Collected data -
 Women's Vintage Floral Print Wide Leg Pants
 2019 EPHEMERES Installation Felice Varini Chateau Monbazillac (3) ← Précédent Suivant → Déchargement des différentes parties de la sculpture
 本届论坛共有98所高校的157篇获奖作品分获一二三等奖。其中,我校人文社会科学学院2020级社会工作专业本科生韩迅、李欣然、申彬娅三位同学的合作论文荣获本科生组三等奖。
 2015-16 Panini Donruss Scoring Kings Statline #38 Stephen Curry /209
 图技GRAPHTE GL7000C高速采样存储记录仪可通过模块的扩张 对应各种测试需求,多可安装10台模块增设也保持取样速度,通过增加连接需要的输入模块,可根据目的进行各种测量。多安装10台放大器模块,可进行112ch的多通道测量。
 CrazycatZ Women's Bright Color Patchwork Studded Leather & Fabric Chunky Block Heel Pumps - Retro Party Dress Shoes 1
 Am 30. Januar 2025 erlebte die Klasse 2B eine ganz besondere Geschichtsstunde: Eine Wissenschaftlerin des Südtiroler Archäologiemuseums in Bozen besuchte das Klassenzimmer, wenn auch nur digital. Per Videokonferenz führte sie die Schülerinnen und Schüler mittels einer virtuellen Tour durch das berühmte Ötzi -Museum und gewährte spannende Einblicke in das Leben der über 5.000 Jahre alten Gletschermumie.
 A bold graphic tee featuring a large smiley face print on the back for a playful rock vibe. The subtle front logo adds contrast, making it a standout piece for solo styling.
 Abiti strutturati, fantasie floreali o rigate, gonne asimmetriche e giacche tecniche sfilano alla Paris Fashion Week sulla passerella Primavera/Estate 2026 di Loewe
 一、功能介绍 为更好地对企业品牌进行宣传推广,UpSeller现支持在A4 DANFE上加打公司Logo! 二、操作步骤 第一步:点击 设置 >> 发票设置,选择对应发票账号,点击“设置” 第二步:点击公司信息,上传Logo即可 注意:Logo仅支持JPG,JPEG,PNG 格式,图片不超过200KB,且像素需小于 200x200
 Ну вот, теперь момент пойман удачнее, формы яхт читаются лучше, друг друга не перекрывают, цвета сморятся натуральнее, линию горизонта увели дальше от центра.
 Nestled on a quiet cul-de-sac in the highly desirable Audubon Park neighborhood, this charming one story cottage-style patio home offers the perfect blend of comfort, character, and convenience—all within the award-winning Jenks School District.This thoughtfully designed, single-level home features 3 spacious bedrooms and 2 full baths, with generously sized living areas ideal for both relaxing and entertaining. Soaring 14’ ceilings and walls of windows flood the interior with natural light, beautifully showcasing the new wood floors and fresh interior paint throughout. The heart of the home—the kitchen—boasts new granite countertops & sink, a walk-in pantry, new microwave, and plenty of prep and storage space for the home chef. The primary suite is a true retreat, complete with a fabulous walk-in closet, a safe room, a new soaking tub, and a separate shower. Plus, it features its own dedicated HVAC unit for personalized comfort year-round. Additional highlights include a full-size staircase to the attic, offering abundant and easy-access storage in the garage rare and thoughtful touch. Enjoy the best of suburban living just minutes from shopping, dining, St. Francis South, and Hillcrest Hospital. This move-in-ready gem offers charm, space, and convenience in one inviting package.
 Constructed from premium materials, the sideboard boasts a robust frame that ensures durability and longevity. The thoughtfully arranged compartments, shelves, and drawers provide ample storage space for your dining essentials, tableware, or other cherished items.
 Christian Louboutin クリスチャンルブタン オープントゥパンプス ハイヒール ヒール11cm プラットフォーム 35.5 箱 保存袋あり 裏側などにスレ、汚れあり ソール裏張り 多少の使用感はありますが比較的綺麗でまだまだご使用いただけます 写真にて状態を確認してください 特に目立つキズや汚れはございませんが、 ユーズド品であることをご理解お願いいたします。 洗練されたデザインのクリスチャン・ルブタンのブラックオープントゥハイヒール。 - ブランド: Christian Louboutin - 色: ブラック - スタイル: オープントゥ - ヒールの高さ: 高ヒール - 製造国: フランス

WORK INSTRUCTION -
All lines from the one containing "Nestled on a" through the end of the records, both ends included, are to be quoted exactly; please add nothing else.

SOLUTION TO THE PROBLEM -
 Nestled on a quiet cul-de-sac in the highly desirable Audubon Park neighborhood, this charming one story cottage-style patio home offers the perfect blend of comfort, character, and convenience—all within the award-winning Jenks School District.This thoughtfully designed, single-level home features 3 spacious bedrooms and 2 full baths, with generously sized living areas ideal for both relaxing and entertaining. Soaring 14’ ceilings and walls of windows flood the interior with natural light, beautifully showcasing the new wood floors and fresh interior paint throughout. The heart of the home—the kitchen—boasts new granite countertops & sink, a walk-in pantry, new microwave, and plenty of prep and storage space for the home chef. The primary suite is a true retreat, complete with a fabulous walk-in closet, a safe room, a new soaking tub, and a separate shower. Plus, it features its own dedicated HVAC unit for personalized comfort year-round. Additional highlights include a full-size staircase to the attic, offering abundant and easy-access storage in the garage rare and thoughtful touch. Enjoy the best of suburban living just minutes from shopping, dining, St. Francis South, and Hillcrest Hospital. This move-in-ready gem offers charm, space, and convenience in one inviting package.
 Constructed from premium materials, the sideboard boasts a robust frame that ensures durability and longevity. The thoughtfully arranged compartments, shelves, and drawers provide ample storage space for your dining essentials, tableware, or other cherished items.
 Christian Louboutin クリスチャンルブタン オープントゥパンプス ハイヒール ヒール11cm プラットフォーム 35.5 箱 保存袋あり 裏側などにスレ、汚れあり ソール裏張り 多少の使用感はありますが比較的綺麗でまだまだご使用いただけます 写真にて状態を確認してください 特に目立つキズや汚れはございませんが、 ユーズド品であることをご理解お願いいたします。 洗練されたデザインのクリスチャン・ルブタンのブラックオープントゥハイヒール。 - ブランド: Christian Louboutin - 色: ブラック - スタイル: オープントゥ - ヒールの高さ: 高ヒール - 製造国: フランス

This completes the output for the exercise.